Une fois les bases de l’éducation assimilées et le chien déclaré, on pourra débuter le dressage au troupeau sur le cercle (voir shéma) avec un petit groupe d’animaux doclies, stabilisé par une clôture. En voici très sommairement  le principe: L’instinct de rabatteur évoqué plus haut poussera votre chien à tourner autour des animaux et à se positionner en face de vous par rapport à eux (position midi imaginant les animaux au centre du cadran d’une montre). Si vous vous déplacez sur votre gauche ou sur votre droite, votre chien aura tendance à faire de même et vous en profiterez pour lui apprendre les directions qui pourront plus tard devenir indépendantes de votre propre position ou du mouvement des animaux.
Dans un premier temps, vous devez interdire formellement l’accès au « triangle interdit » à votre chien. Ce dernier ne devra en aucun cas passer entre vous et les animaux. Au besoin approchez-vous du cercle. Cette habitude l’empêchera de repasser devant le troupeau lorsqu’ils prendront votre direction depuis le fond du parc.
Ne jamais emmener un chien en laisse derrière les animaux (il serait dans le triangle interdit). Votre place est devant le troupeau et la sienne derrière et sur les côtés. Ce n’est que bien plus tard que viendra l’apprentissage de la poussée (visant à éloigner les bêtes de vous), la séparation, la morsure ou le travail au sifflet...
Le border est tellement réceptif que nous avons toujours tendance à brûler les étapes. Pas d’utilisation (même juste pour aller chercher les vaches vite fait…) sans dressage et pas de dressage sans éducation préalable. Au bout d’un an déjà, votre chien vous rendra de nombreux services. Toutefois, les plus exigeants diront qu’il faut 2 ans et près de 300 heures de dressage pour faire un bon chien…
N’oubliez pas de laisser votre chien grandir et mûrir. Un petit retour en arrière est parfois nécessaire.
Le secret du meilleur travail au troupeau est un savant équilibre entre soumission et initiative.

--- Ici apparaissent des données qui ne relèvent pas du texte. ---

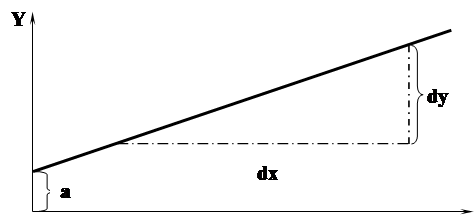 Построение линейной регрессии сводится к оценке ее параметров – а и b. Оценки параметров линейной регрессии могут быть найдены разными методами. Можно обратится к полю корреляции и, выбрав на графике две точки, провести через них прямую линию. Далее по графику можно определить значения параметров. Параметр a определим как точку пересечения линии регрессии с осью OY, а параметр b оценим, исходя из угла наклона линии регрессии, как dy/dx, где dy – приращение результата y, а dx – приращение фактора x, т.е. Ŷ = а + bx.

Sans le laisser faire n’importe quoi, attention de ne pas « casser » votre chien…

Les stages de formation au dressage

Comme tout nouvel outil de travail, un bon mode d’emploi est nécessaire pour une utilisation optimale du « produit » et la diminution des risques de casse… Les chambres d’agricultures et associations locales d’utilisateurs  accueillent régulièrement les formateurs de l’Institut de l’Elevage pour des stages dont la nécessité  est une évidence pour tout nouvel utilisateur. Il paraît même judicieux de suivre une de ces formations avant même de choisir son chien.

Même (ou surtout) si vous n’avez pas de troupeau, le meilleur sinon le seul moyen de connaître un peu le Border Collie est sans doute de l’observer et/ou de l’utiliser dans le contexte voulu par ses gènes. Vous pouvez démonter pièce par pièce une formule 1 dans votre garage, vous ne pourrez pas la connaître sans la voir ou  l’essayer sur un circuit. Réservés dans un premier temps aux utilisateurs agricoles, de plus en plus de stages de formations accessibles à tout publique avec des moniteurs troupeau de la SCC sont organisés aujourd’hui à travers toute la France.